ABOUT THIS EXERCISE —
Which lines of the entries below hold the word "socket"? Report each of them.

Segment Open

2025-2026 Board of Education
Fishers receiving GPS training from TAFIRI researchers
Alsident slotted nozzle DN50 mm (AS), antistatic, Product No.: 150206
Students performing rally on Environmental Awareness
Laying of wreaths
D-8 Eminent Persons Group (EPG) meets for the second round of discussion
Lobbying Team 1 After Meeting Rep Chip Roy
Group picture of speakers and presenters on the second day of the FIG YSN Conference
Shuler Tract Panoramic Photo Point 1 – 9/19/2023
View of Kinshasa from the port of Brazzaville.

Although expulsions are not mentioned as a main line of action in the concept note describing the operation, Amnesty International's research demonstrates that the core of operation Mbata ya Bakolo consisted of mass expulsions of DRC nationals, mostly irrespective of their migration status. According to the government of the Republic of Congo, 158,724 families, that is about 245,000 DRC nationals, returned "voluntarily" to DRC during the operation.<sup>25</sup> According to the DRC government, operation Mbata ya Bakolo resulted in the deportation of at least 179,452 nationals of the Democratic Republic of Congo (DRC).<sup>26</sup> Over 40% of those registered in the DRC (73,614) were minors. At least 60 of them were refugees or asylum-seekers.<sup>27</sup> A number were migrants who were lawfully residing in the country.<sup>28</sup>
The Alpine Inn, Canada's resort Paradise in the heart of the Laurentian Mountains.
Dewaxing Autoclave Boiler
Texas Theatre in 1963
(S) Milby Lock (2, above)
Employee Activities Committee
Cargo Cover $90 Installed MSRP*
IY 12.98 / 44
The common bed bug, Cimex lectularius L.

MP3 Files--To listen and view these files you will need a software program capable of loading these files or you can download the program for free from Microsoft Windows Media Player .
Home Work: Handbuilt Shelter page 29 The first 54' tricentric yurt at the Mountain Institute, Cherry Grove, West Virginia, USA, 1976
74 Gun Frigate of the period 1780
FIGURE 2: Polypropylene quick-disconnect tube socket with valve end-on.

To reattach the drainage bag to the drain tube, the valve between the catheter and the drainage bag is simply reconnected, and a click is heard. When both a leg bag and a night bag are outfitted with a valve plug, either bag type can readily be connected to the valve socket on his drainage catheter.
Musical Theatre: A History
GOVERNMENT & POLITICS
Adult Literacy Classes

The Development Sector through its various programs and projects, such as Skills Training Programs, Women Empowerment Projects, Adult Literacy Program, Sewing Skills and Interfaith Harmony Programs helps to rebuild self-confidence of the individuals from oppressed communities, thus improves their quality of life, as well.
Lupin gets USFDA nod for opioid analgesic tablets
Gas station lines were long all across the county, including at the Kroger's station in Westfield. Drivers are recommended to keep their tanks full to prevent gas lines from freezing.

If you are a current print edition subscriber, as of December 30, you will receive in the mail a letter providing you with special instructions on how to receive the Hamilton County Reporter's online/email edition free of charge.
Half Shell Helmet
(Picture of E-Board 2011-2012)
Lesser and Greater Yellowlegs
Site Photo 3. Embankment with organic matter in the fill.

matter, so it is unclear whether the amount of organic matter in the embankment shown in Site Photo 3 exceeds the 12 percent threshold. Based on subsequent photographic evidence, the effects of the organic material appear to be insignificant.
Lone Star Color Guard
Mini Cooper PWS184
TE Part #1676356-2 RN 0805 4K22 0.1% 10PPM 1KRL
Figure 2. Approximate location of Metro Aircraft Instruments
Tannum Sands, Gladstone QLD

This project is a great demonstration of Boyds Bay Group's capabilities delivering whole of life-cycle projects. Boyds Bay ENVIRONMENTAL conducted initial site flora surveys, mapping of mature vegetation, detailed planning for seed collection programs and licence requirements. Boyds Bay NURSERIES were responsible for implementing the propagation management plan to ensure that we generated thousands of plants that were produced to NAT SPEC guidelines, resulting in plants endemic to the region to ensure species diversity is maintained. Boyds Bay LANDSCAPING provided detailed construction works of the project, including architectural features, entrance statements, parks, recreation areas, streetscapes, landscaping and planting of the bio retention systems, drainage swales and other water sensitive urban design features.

Segment Closed

WRITTEN SOLUTION —
FIGURE 2: Polypropylene quick-disconnect tube socket with valve end-on.
To reattach the drainage bag to the drain tube, the valve between the catheter and the drainage bag is simply reconnected, and a click is heard. When both a leg bag and a night bag are outfitted with a valve plug, either bag type can readily be connected to the valve socket on his drainage catheter.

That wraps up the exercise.